Our eigenvectors will be given by

\begin{aligned}0 = (\lambda - a) \boldsymbol{\epsilon}_1 - b\boldsymbol{\epsilon}_2,\end{aligned} \hspace{\stretch{1}}(1.0.6)

or

\begin{aligned}\boldsymbol{\epsilon}_1 \propto \frac{b}{\lambda - a}\boldsymbol{\epsilon}_2.\end{aligned} \hspace{\stretch{1}}(1.0.6)

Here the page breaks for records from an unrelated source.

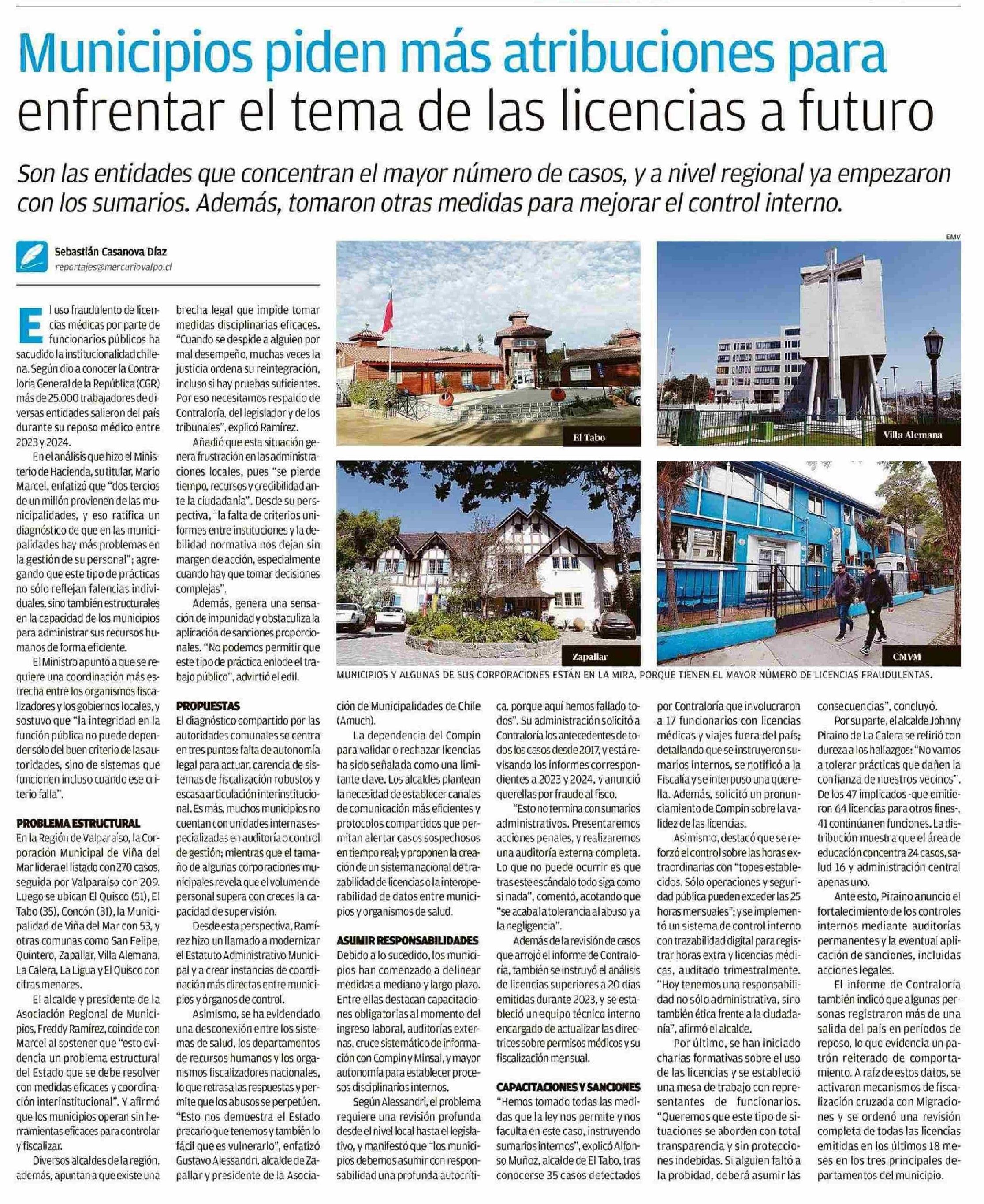 Municipios piden más atribuciones para enfrentar el tema de las licencias a futuro 01-06-2025 El Mercurio de Valparaíso |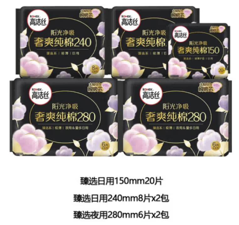 高洁丝(Kotex)卫生巾姨妈巾女日夜用组合装奢爽阳光纯棉臻选日夜组合(共48片)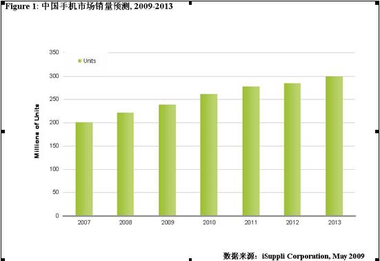 預計中國手機市場2009年的銷量為兩億三千八百萬臺,較去年成長7.8%。然而受經濟危機的影響,全球手機的出貨量將呈現負增長,出貨量為11億部手機。附圖為中國手機市場銷量預測, 2009-2013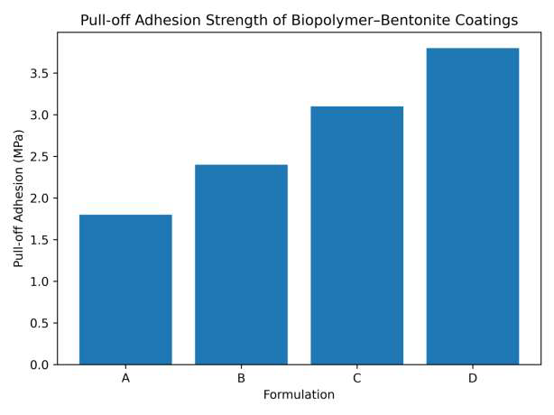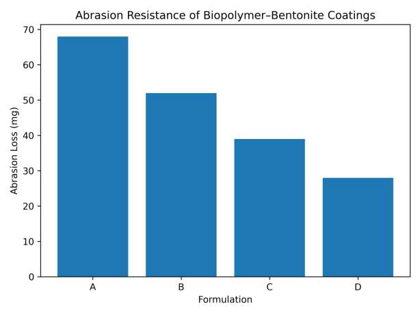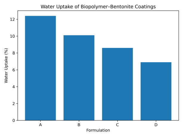 The coating performance properties of the biopolymer–bentonite formulations are summarized in Table 7. The pull-off adhesion strength increases progressively with the addition of bentonite nanoparticles, indicating improved mechanical interlocking and interfacial bonding between the coating and substrate. Similarly, abrasion resistance improves significantly as the inorganic clay reinforcement enhances the structural stability of the coating matrix. Surface wettability measurements reveal an increase in water contact angle with increasing bentonite content, suggesting improved moisture resistance of the coating. The reduced water uptake values further demonstrate that the incorporation of bentonite nanoparticles enhances the barrier properties and durability of the coating system. The adhesion strength increases with increasing bentonite content, indicating improved interfacial bonding between the coating and substrate (Figure 12). The incorporation of bentonite significantly reduces abrasion loss, demonstrating improved mechanical durability (Figure 13). The increase in contact angle indicates enhanced surface hydrophobicity with the addition of bentonite nanoparticles (Figure 14). The reduced water absorption observed for the modified formulations suggests improved barrier properties (Figure 15).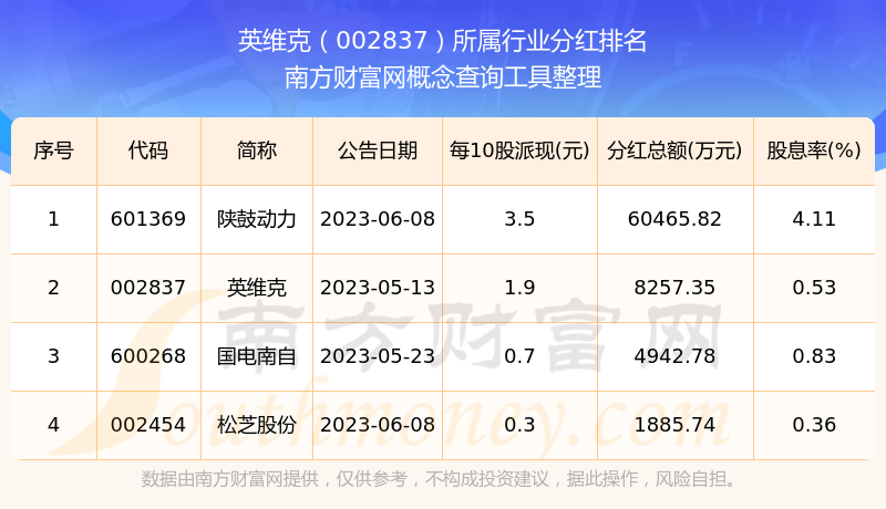 按照南方財富網(wǎng)趨勢選股系統(tǒng)統(tǒng)計,英維克所屬行業(yè)為溫控設備行業(yè),溫控設備行業(yè)分紅排名情況如下表: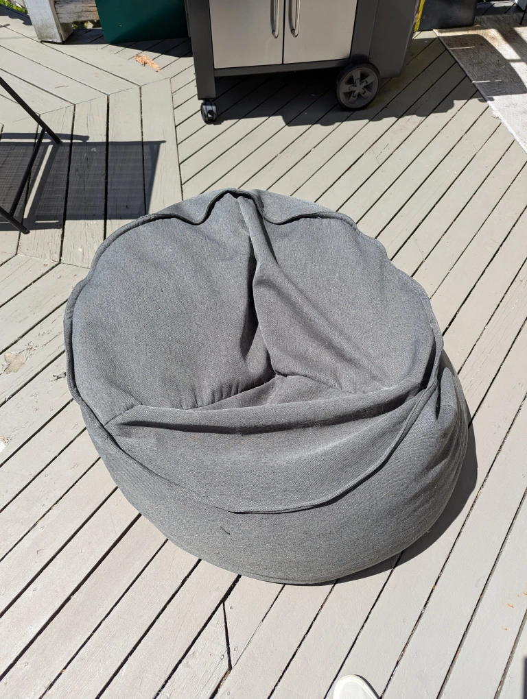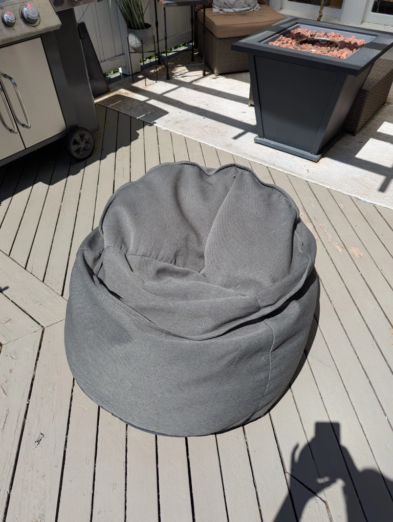 Round, grey beanbag chair. Features a sturdy material. Perfect for relaxing and enjoying a good book. Cleaned but not from a pet free home.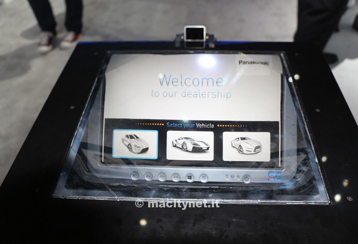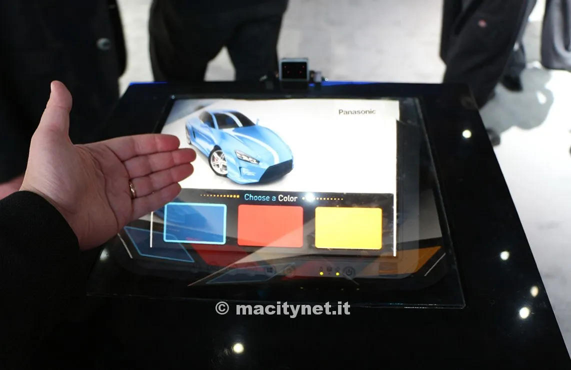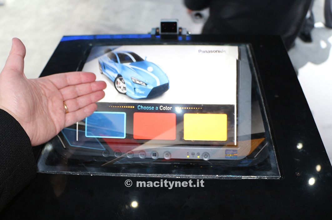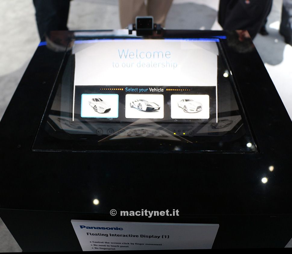 Il piccolo supporto posizionato all’altezza di un tavolo svelava una tecnologia che ci ha intrigato più di ogni altra di questo tipo che abbiamo visto al CES 2014 o in manifestazioni tecnologiche: si tratta di Panasonic Floating Display interattivo, di fatto uno schermo galleggiante che combina intelligentemente oltre alle consuete tecnologie olografiche a cui siamo abituati anche la possibilità di interagire con l’oggetto proiettato con il vantaggio che anche dopo l’uso di migliaia di clienti lo schermo (che non c’è) rimarrà sempre pulito.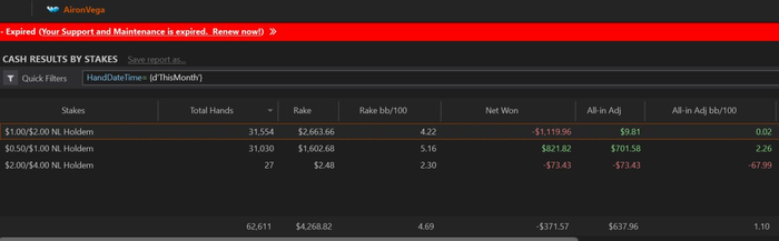 метод с парами cash-in - cash-out не учитывает ребаи за столом. если ты сделал бай-ин и потом кешаут - четное количество транзакций, вопросов нет. если ты сделал би, ребай и кешаут, то би теряется из-за нечетности транзакций и выводится как потерянная транзакция. надо вручную все перепроверять по итогу, либо ждать сообщение от саппорта что мы покеристы, которые считать до 3х не умеем)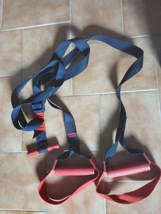 Sistema de entrenamiento con cintas TRX, ideal para ejercicios de fuerza y resistencia. - Correas de nylon resistentes. - Asas ergonómicas rojas. - Sistema de ajuste. - Incluye anclaje.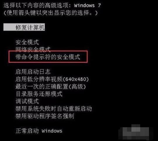 1、重新启动计算机,开机后按下F8键不动直到高级选项画面出现后,再松开手,选择“命令提示符的安全模式”按回车。
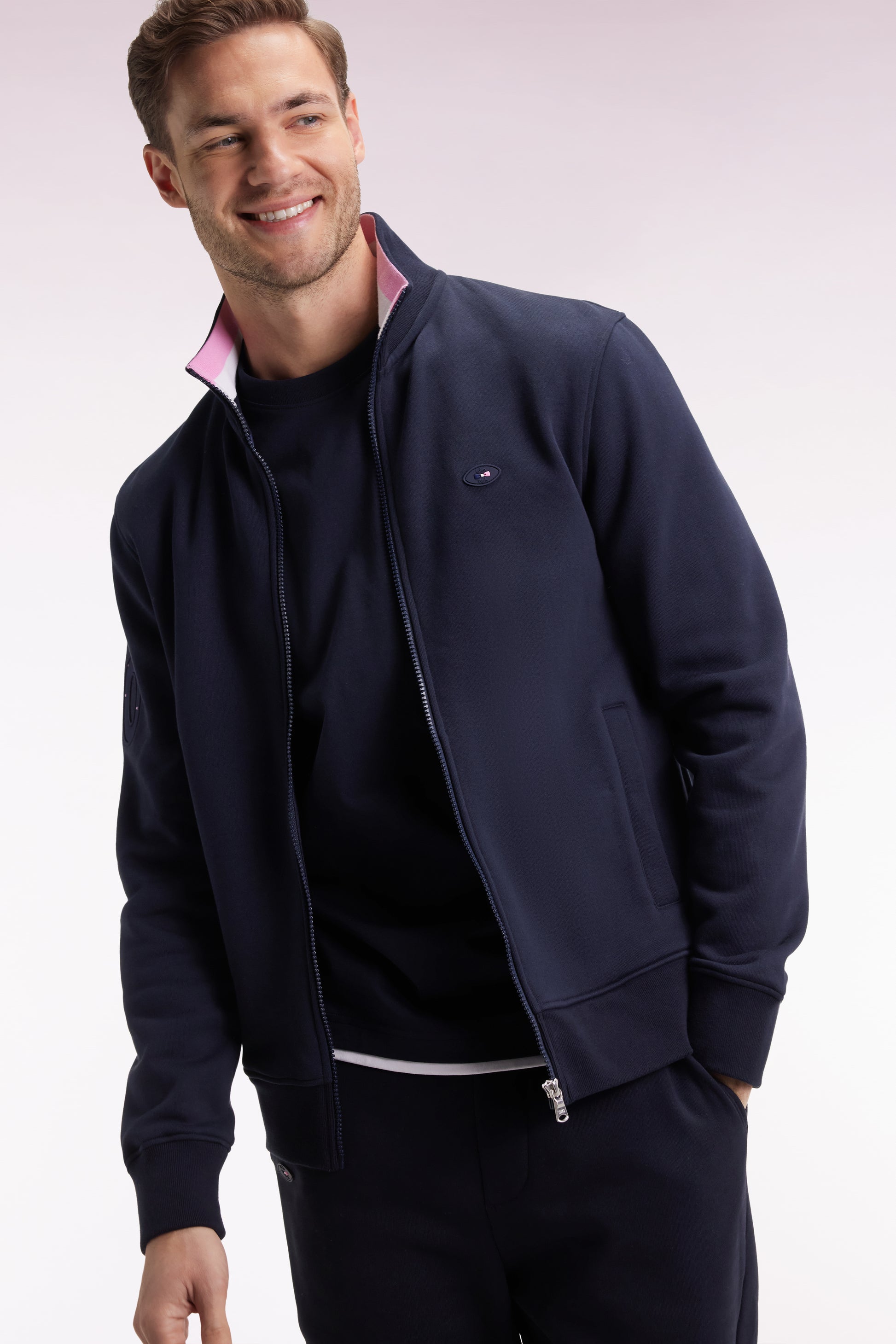 This zip-up sweatshirt with stand-up collar and pink piping is elegantly understated, enhanced by signature details. The "10" embroidery on the sleeve is enhanced by a printed tie fabric inlay, a nod to Eden Park's French Flair style.

So, our eigenvectors, the vectoral components of our atomic displacements, are

\begin{aligned}\boldsymbol{\epsilon} \propto\begin{bmatrix}b \\ \omega^2 - a\end{bmatrix},\end{aligned} \hspace{\stretch{1}}(1.0.6)

or

\begin{aligned}\boxed{\boldsymbol{\epsilon} \propto\begin{bmatrix}2 b \\ d - a \pm \sqrt{ (d - a)^2 + 4 b c }\end{bmatrix}.}\end{aligned} \hspace{\stretch{1}}(1.0.6)

Square lattice

There is not too much to gain by expanding out the projection operators explicitly in general. However, let’s do this for the specific case of a square lattice (as on the exam problem). In that case, our projection operators are

\begin{aligned}\hat{\mathbf{a}} \hat{\mathbf{a}}^\text{T} = \begin{bmatrix}1 \\ 0\end{bmatrix}\begin{bmatrix}1 & 0\end{bmatrix}=\begin{bmatrix}1 & 0 \\ 0 & 0\end{bmatrix}\end{aligned} \hspace{\stretch{1}}(1.0.16a)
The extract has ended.